We also found significant correlations between gray matter anomalies and depression severity or anxiety symptoms. More importantly, significant correlations can be defined as 4 trend models. Three trend models (Models I, II, and IV; 13 of 17 ROIs) revealed an opposite direction of association between regional brain volumes and either depression or anxiety scores; the values of RGMV were decreased with depression severity but increased with anxiety symptoms. These results further support the findings from our VBM analysis, which showed an opposite direction of RGMV abnormalities for the DP and DPA groups when compared with the NC group. Anxiety disorders are marked by excessive fear (and avoidance), often in response to specific objects or situations and in the absence of true danger.[47] However, MDD is a prevalent mental health concern and is associated with significant disability and suffering.[48,49] Thus, our trend model findings (Models I, II, and IV) may help to explain the neurobiological differences between depressive patients with and without anxiety. Importantly, the left INS cortex showed a trend Model I with a strong positive correlation between the RGMV and HAMA. The INS cortex is associated with modulating subjective feeling states and interoceptive awareness.[50] Moreover, the INS is known to play a key role in the process whereby an increased prediction signal of a prospective aversive body state triggers an increase in anxious affect, worrisome thoughts, and other avoidance behaviors.[34] Finally, heightened activation of the insular cortex has been observed in many of the anxiety disorders.[47] Given this evidence, we speculated that the left insular cortex might be critically important for distinguishing depressive patients with anxiety from those without anxiety.
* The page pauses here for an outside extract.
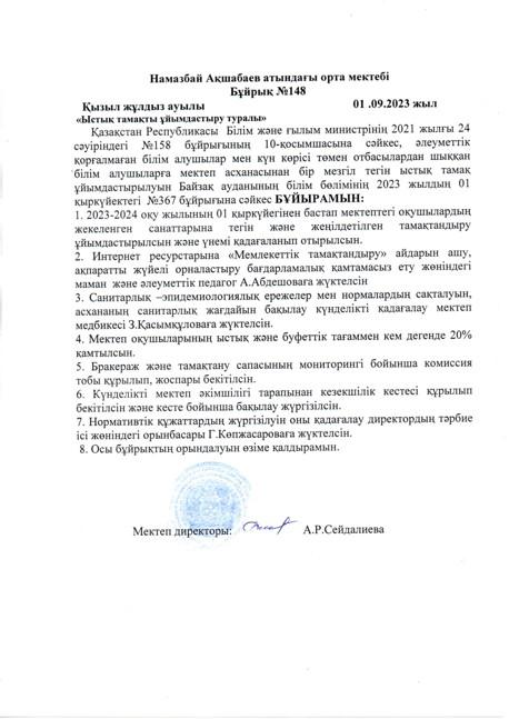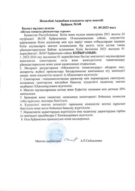Ыстық тамақ бойынша бұйрықтар » сш. им.Акшабаева

There are several limitations of the present study. First, the depressive patients with and without anxious disorder in this study were using a selective serotonin reuptake inhibitor—escitalopram. A previous study has indicated the effects of antidepressant treatment on functional connectivity in patients with MDD at a circuit level using resting-state functional MRI.[51] Besides, a recent study has demonstrated that early age at onset may increase the likelihood of distinguishable MDD subtype, and age at onset of the first episode MDD is a promising clinical indicator for the clinical presentation, course, and outcome of MDD.[52] To better explore the neuroanatomical characteristics of depression and anxiety disorders, it would be useful to recruit drug-naive, first-episode patients of depression and anxiety disorders in the future study. Second, the results of our VBM analyses were inconsistent with many previous studies. However, comparing data across studies is difficult because of variations in study design, assessment, and the use of inconsistent definitions to diagnose anxious depression.[1] Therefore, the inconsistent results between the current and previous studies might be attributed to several factors: the VBM analyses with relatively small sample sizes in this study might have insufficient statistical power and a risk of false-positive errors[53]; and the clinical and demographic differences between the samples (eg, illness severity, medication, age, sex, and family history of mental illness) that affect the impact on regional volume of brain tissues.[13] Third, we defined 4 trend models with different patterns of correlation between RGMV and depression severity or anxiety symptoms. Although the analysis of trend models was not quantitative, further studies could apply a data-driven technique, such as multivariate pattern analysis, to discriminate psychiatric patients from healthy controls.[54-57]

CONCLUSION

In this study, we demonstrated that depressive patients with and without anxiety disorder showed gray matter abnormalities in a variety of brain structures and that the abnormalities of some brain structures were significantly correlated with clinical data. Based on the correlations with either HAMD or HAMA, 4 trend models were defined and might reflect disorder-specific symptom characteristics. The existence of distinct neuroanatomical profiles associated with depressive patients with or without anxiety disorder may provide a potential biomarker for disease diagnosis.